**WHAT YOU WILL DO**
Please output the line containing "Needle Felted Cat" and all lines that follow it in the data below, exactly, with no pictures.

EXTRACTED RECORDS below:

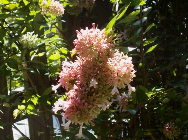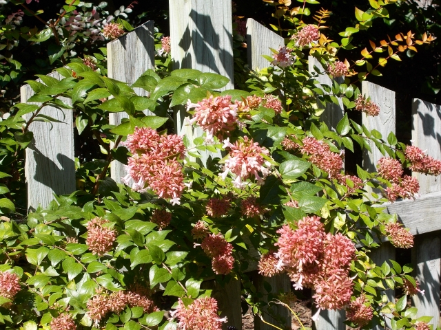 A closer look at Canyon Creek abelia, bees and butterflies methodically forage the white flowers surrounded by bright pink sepals
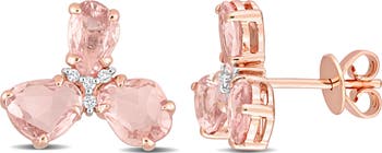 These pretty sapphire and diamond accent stud earrings are crafted in 14k rose gold (option in 14k white gold). These earrings feature 6 fancy shaped pink sapphire (option in purple) and 8 round-cut diamonds that are beautifully embellished on the center of the earrings. Enhanced with a high polished finish, these earrings are secured with butterfly closures. Elevate your style with timeless charm and modern grace.
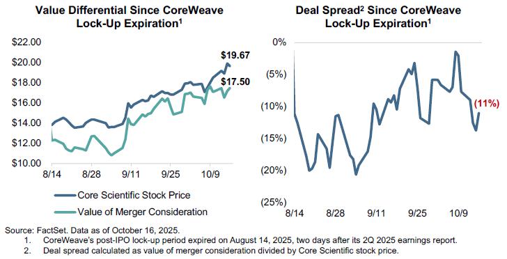 deal spread that has persisted since the post-IPO lock-up period on CoreWeave’s stock expired on August 14.
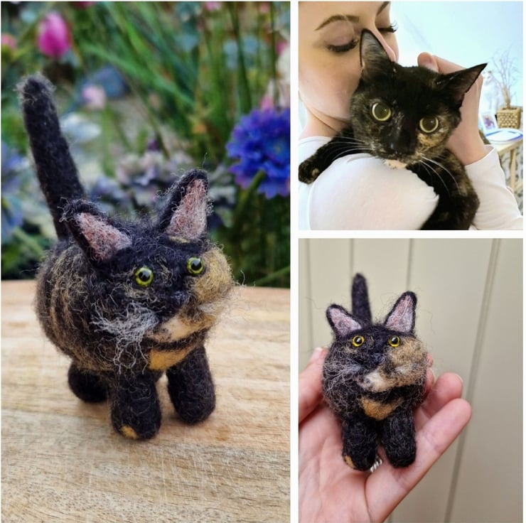 Needle Felted Cat Portrait - Custom Felt Cats, Calico Tricolour Tortoiseshell
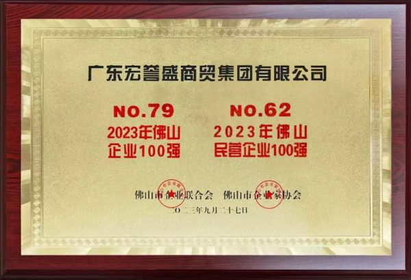 2023年10月10日,由佛山市企业联合会、佛山市企业家协会发布的“2023年佛山企业100强、佛山民营企业100强”榜单上,广东宏誉盛集团赫然在列,荣登佛山企业100强第79位,佛山民营企业100强第62位。跻身强手如云的佛山企业圈,广东宏誉盛集团时刻以发展为圭臬,不断从原材料供应链向后端应用市场战略布局。
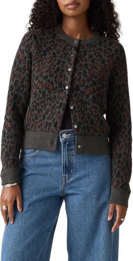 Striking animal spots embolden this close-fitting crewneck cardigan knit from a warm wool-kissed blend.

End of EXTRACTED RECORDS.

**WRITTEN ANSWER**
 Needle Felted Cat Portrait - Custom Felt Cats, Calico Tricolour Tortoiseshell
 2023年10月10日,由佛山市企业联合会、佛山市企业家协会发布的“2023年佛山企业100强、佛山民营企业100强”榜单上,广东宏誉盛集团赫然在列,荣登佛山企业100强第79位,佛山民营企业100强第62位。跻身强手如云的佛山企业圈,广东宏誉盛集团时刻以发展为圭臬,不断从原材料供应链向后端应用市场战略布局。
 Striking animal spots embolden this close-fitting crewneck cardigan knit from a warm wool-kissed blend.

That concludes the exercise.